How to Head it off: Routines are important. Keep in mind that your child’s day is regulated down to the minute at daycare and school. Though you may be busy and overbooked, try to maintain some constants in your schedule. Try to eat meals and snacks at a consistent time. Allow an hour for bath, books, and screen-free down time at the end of the day. Set aside small chunks of the day for play, so your child feels attended to, even if you are tempted to say you’re “too busy.”
The Situation: They’re greedy.
The Fix: Once the screaming, crying, and grabbing starts, it’s time for the toy in question to go up on the mantle—or somewhere the kids with the gimme-gimmes can see it but not touch it. Instead of putting your child in time-out, put “the toy in time-out.” It can be surprising how fast that de-escalates. Kids often forget what they were fighting about and stop power-struggling over the toy and move onto other matters. Consequences must be given when kids act inappropriately. If your child is prone to greedy outbursts, explain the rules of gift getting—that there is to be no tantrums or the toy goes away.
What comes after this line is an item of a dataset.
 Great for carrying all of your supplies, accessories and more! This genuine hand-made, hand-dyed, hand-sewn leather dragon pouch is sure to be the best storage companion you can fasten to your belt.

How to Head it off: As adults, we understand the best gifts are the ones we give—especially intangible gifts like our time. It’s the family traditions the kids will remember when they’re older—the sledding, the movie nights, the cookie baking, the fun and games with cousins. Gifts can be overwhelming—though it’s hard to prevent spoiling young children especially when grandparents, aunts, and uncles are involved.
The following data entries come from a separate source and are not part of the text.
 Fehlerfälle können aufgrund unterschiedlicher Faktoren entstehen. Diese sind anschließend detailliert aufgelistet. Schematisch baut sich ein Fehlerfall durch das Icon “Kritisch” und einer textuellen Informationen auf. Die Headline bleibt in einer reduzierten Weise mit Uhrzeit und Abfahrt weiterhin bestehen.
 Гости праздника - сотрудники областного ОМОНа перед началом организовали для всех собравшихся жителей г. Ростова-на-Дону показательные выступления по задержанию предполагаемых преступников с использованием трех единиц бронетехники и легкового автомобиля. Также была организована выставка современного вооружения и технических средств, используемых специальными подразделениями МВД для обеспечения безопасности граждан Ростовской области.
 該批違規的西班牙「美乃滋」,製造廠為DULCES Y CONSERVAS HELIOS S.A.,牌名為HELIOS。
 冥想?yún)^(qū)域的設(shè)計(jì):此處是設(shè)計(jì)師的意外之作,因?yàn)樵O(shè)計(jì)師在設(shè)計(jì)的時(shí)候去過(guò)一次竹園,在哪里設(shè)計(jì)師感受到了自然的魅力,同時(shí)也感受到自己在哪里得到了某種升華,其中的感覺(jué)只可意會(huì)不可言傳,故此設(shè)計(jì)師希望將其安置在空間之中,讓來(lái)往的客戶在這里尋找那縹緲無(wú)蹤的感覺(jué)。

The best you can do is request “experience” gifts rather than stuff. Ask your child to pick 10 toys they’re willing to donate “to make room for more.” Have children help you thoughtfully pick out and wrap gifts for others. Older children can help you with a donation project to give to the needy. Be sure to intentionally plan a few activities together during the week off, whether it’s skating, a movie, or a museum day.
The Situation: They won’t eat anything.
The Fix: Choose your battles wisely and assess what’s truly important. It’s not that your child is trying to defy you by balking at the food served. More likely, your child is not used to the holiday menu and all the surrounding chaos has them feeling already out of their comfort zone.
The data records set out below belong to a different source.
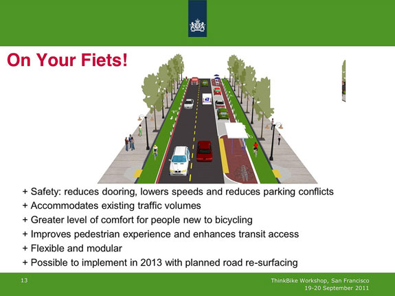 Polk was one of the corridors where Dutch bicycle planners joined the SFMTA on a ride one year ago to re-imagine it as a more pedestrian- and bicycle-friendly street using methods practiced in the Netherlands, which is known for its exceptionally safe street designs. The recommendations that resulted included expanding pedestrianized areas and providing continuous, parking-protected bike lanes — an idea also called for in the SF Bicycle Coalition‘s Connecting the City campaign as a safe, relatively flat connection linking Market Street to Fort Mason and Fisherman’s Wharf.
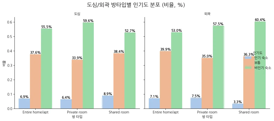 도심 vs 외곽 간 각 방 타입에서의 인기 숙소 비율 차이는 크지 않음.
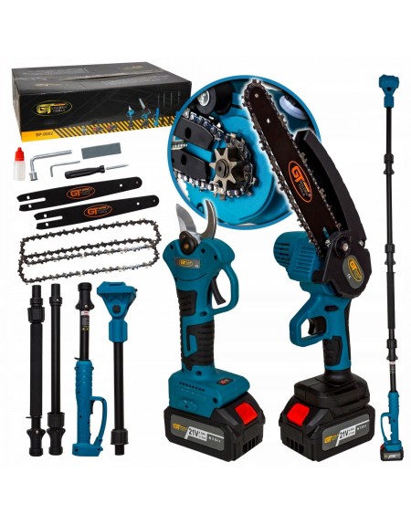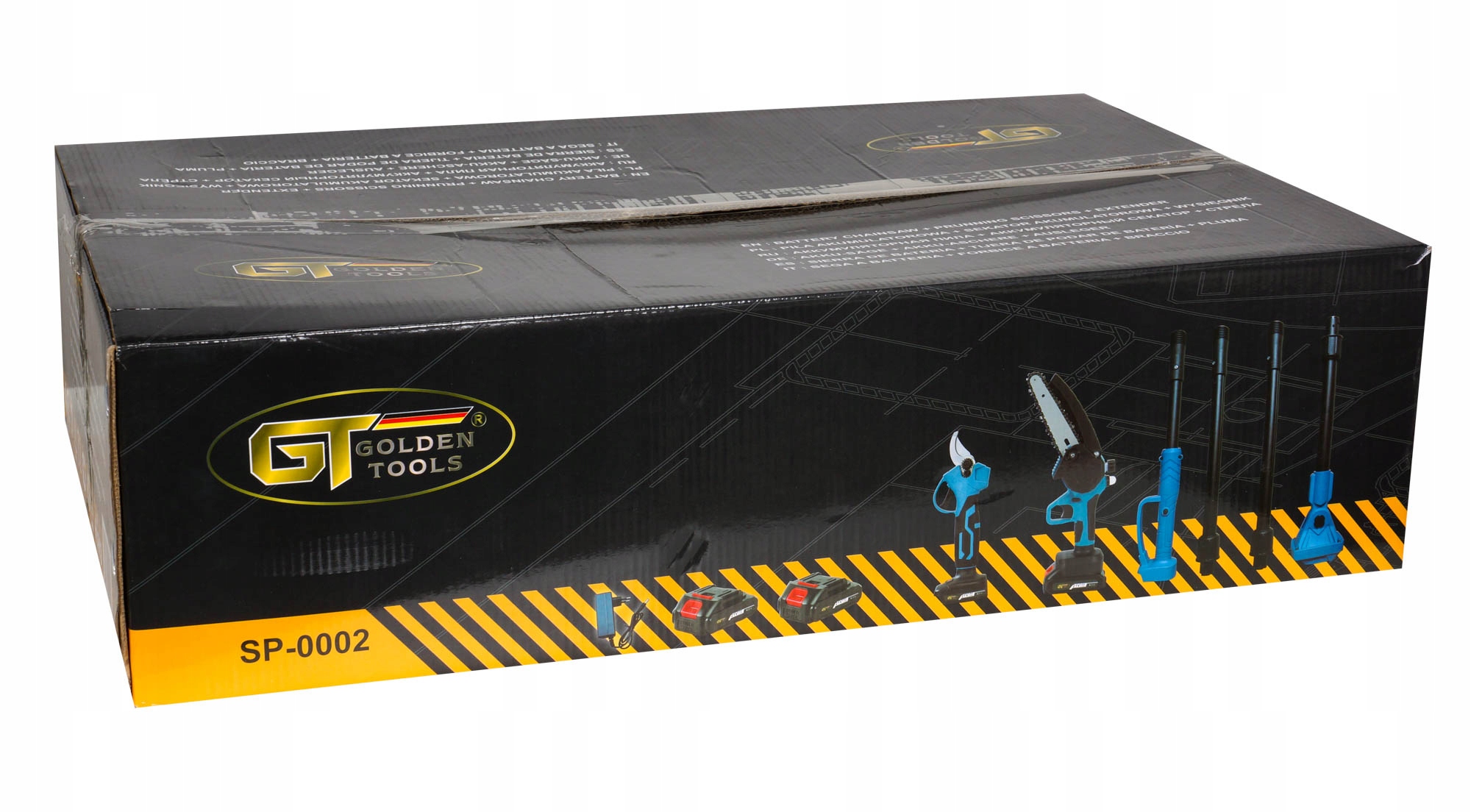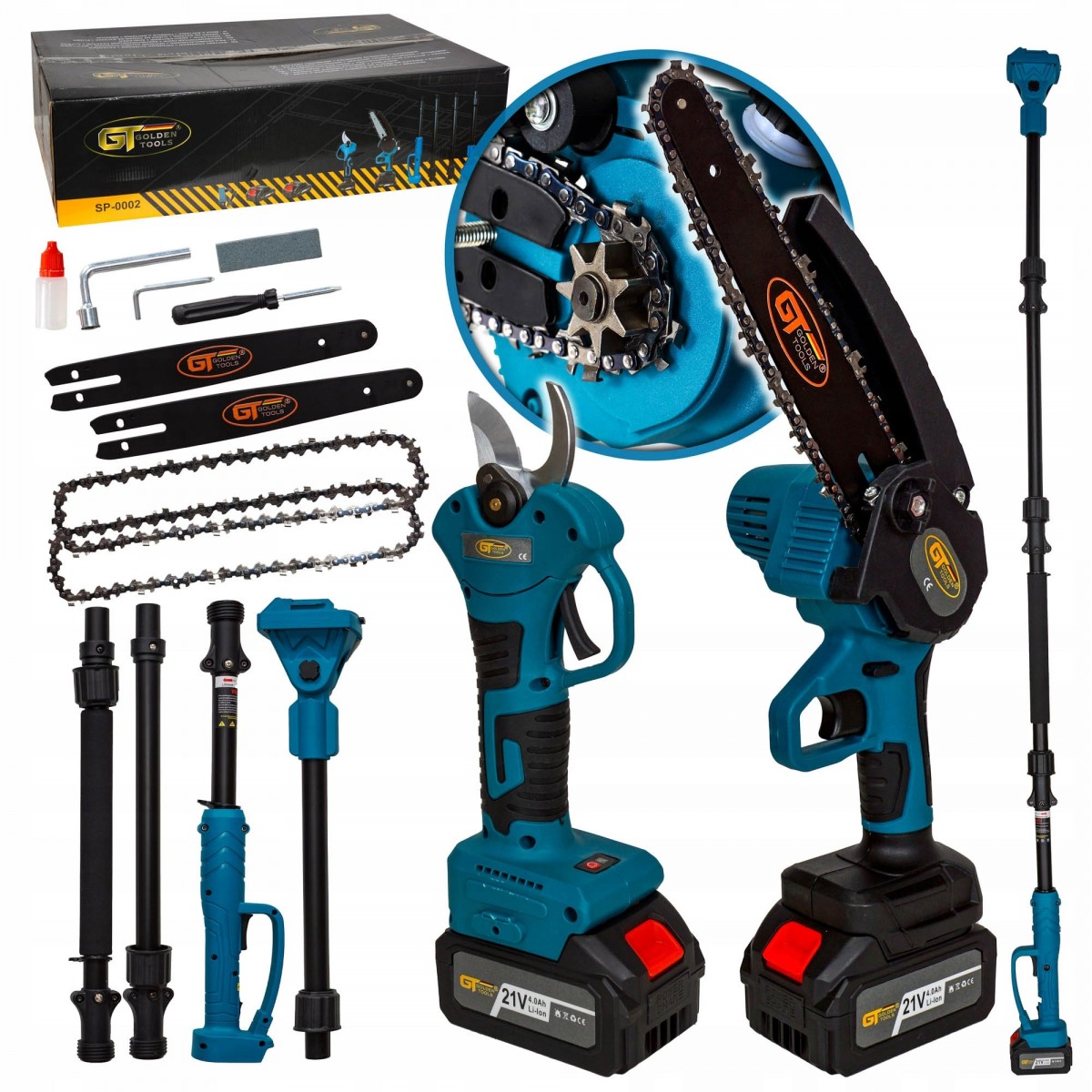 Aku pilarka łańcuchowa marki GOLDEN TOOLS z 2 prowadnicami 8" , dwoma łańcuchami 8" i systemem smarowania łańcucha jest doskonałym narzędziem do cięcia gałęzi, mniejszych drzew i innych prac związanych z pielęgnacją roślin. Dzięki kompaktowej i bezprzewodowej konstrukcji zapewnia maksymalną swobodę ruchu, co ułatwia pracę w trudno dostępnych miejscach.

Rather than demanding that your child finish everything on the plate or raising your voice and power-struggling in front of the family, aim for wonderful memories of time spent with loved ones. A few extra cookies from grandma won’t hurt once a year. Instead, encourage your child to try a bite or two before deciding what and how much to eat. This teaches valuable self-regulation skills. Later, if your child is hungry, offer a healthy snack like an apple or a cheese stick.
How to Head it off: If you know you’ve got a picky eater on your hands, ask your child to help pick a few items to serve or pack on the way to the party. Better yet, have your child help prepare something with you. Consistently reinforce certain ground rules (like no dessert unless the dinner is eaten or no in-between meal snacking) all year round—not just during the holidays.
The Situation: They’re cranky.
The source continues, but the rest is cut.